Gilead donated the first 1.5 million doses worldwide. The United States received more than 900,000, according to health news website Stat.
"The U.S. was certainly at the front of the line for the donated remdesivir," said Brook Baker, professor of law at Northeastern University and a senior policy analyst for Health Global Access Project. "Now, we find out that the U.S. is wholly at the front of the line for all the additional half-million doses to be produced between now and basically the end of September."
"There's no way to explain this than to say, well, somehow between the U.S. government and Gilead, they have collusively agreed that for whatever reason, Americans come first," he added.
Gilead says it is ramping up production and aims to have 2 million treatment courses available by December, up from 190,000 at the end of June.
"We are doing everything we can to accelerate manufacturing timelines and quantities of remdesivir to meet the growing demand for emergency use of the medicine from around the world," the company said in a statement.
The company said it has "multiple manufacturing partners in North America, Europe and Asia" that are "capable of producing large volumes of remdesivir at the fastest pace feasible," but did not provide details or answer requests for comment.

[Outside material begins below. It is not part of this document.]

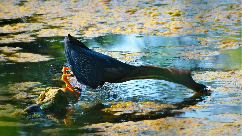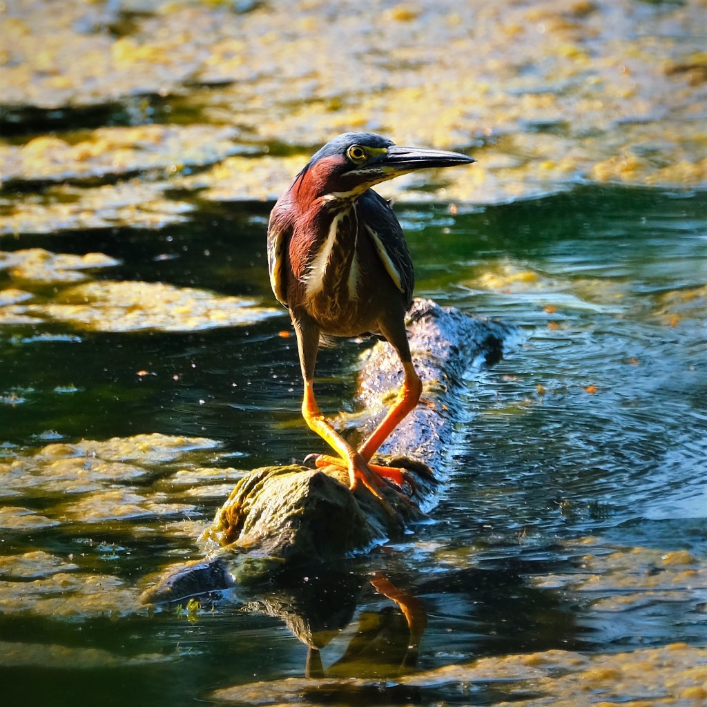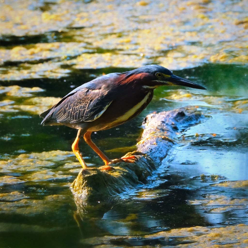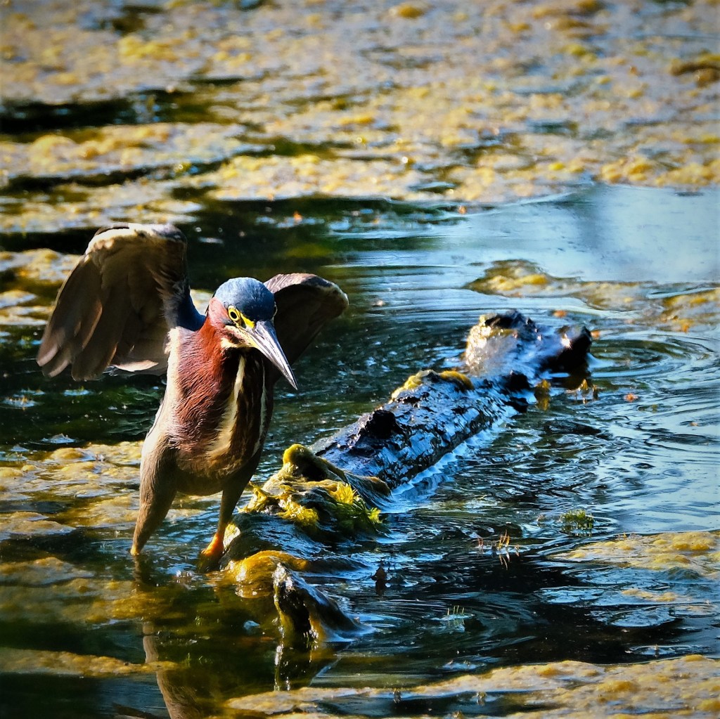 Yup, one of the green herons that have really been giving me the slip lately. It was on quite the roly-poly little log and appeared to be having a heck of a time staying upright but not so much that it couldn’t snag a little fish anyway.

The global pandemic so far has claimed more than 500,000 lives and infected more than 10 million people worldwide, according to data collected by Johns Hopkins University.
The World Health Organization and a number of public-private partnerships are aiming to make access to COVID-19 countermeasures equitable around the world.
The U.S. government has put billions of dollars into research and development of COVID-19 treatments, vaccines and diagnostics.
"Rich countries have more money to spend on research and development," Baker said. "Does that mean that only rich people get medicine? That's highly problematic in a moral, ethical sense."